The 2013 edition of the Sandberg@Mediafonds master class was themed as LIQUID JOURNALISM, The medium and the message of non-linear narratives. In this edition, teams of program makers and designers developed a non-linear journalistic production. With the use of new research resources, the participants indicate changes in society and process them into a particularly multidisciplinary project. The masterclass was organized in collaboration with the Utrecht School of the Arts, the Association of Investigative Journalists and What Design Can Do. At the end of May 2013, the projects were presented in De Brakke Grond. Media scientist Mark Deuze gave an introduction and Marjan Hammersma, director general of Culture & Media (OCW), closed the day.

CURATING REALITY, 2012

NEW TOOLS FOR INVESTIGATIVE JOURNALISM
MASTERCLASS DIGITAL STORYTELLING SANDBERG@MEDIAFONDS

120607165 Sandberg at Mediafonds.JPG

Today, we have more means than ever of gathering, interpreting and disseminating information. New forms of reporting, such as data journalism, crowdsourcing and social networks, are becomin increasingly important. Though it is often suggested that journalism is in crisis we are witnessing an explosive increase in journalistic practice and strong innovation in the field, thanks to a vast range of new possibilities. 

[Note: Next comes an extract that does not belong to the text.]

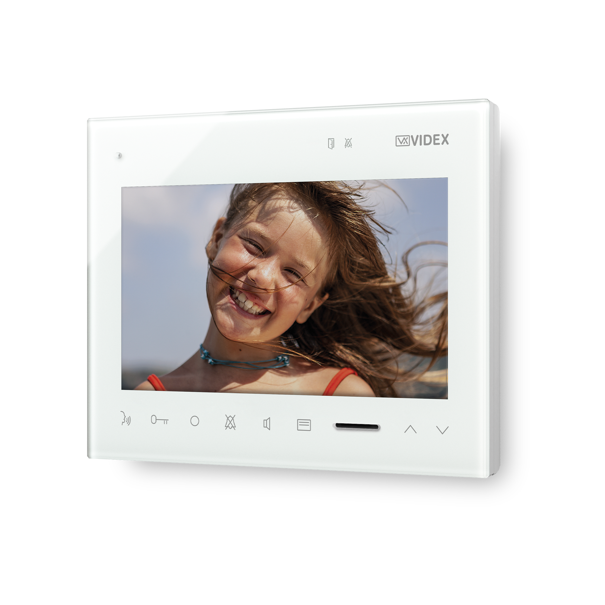 Intelligent Hands free video monitor for the VX2200 digital system using a 7” 800x480 pixel resolution full colour active matrix LCD monitor with capacitive touch sensitive buttons for “door open/concierge call” , “answer/camera recall”, “service button“, “privacy” plus 4 buttons for adjustment and programming and 2 LED’s related to the videophone operation. 2 LED’s indicating the door open/close status (requires an additional wire) and the activation/deactivation of the privacy are also inclusive. The videomonitor includes an intercommunication facility (available only between the Kristallo range of videophones and intercoms) that enables intercommunication between devices in the same apartment (same PHONE ID but different extension address) or between devices installed in different apartments (different PHONE ID). Programming and settings are available through the touch buttons. Adjustable speech and melody volume, picture brightness and hue, programmable number of rings, aux service duration, privacy service duration, melody and the extension ID for intercommunication.

The Sandberg@Mediafonds 2012 conference will concentrate on new forms and applications in investigative journalism resulting from technological advances. How can we use new media to better practise investigative journalism? How can we make the most of the shifting relationship between journalists and their audience, and of readers’ and viewers’ newly active role in producing and distributing stories? And how can technology be used to better keep an eye on the powerful,and to tell meaningful stories about the complex, fast-changing world we live in today?

The conference is a joint project of the design department of the Sandberg Instituut Amsterdam and the Mediafonds. It kicks off the Sandberg@Mediafonds masterclass, in which programme makers and designers collaborate on new cultural media productions that explore digital boundaries. The results will be unveiled on Thursday 7th June 2012.

WIRELESS STORIES, 2011

MASTERCLASS DIGITAL STORYTELLING SANDBERG@MEDIAFONDS

Conference, Stadsschouwburg Amsterdam, 17 February 2011

Physical space is becoming more and more filled with electronic communication and observation networks, which are invisible but no less present for that. We use mobile phones to organise our social lives, GPS to find the places we want to go, and RFID to ride on public transport, monitored by CCTV cameras all the time. Meanwhile, digital space is becoming more “physical”, with applications like Foursquare, Facebook Places and Google Maps linking social networks and data files to geographical locations. The physical world of the city and the virtual world of the Internet are overlapping more and more. This has major consequences for both the way we experience public spaces and the way we exchange news and stories.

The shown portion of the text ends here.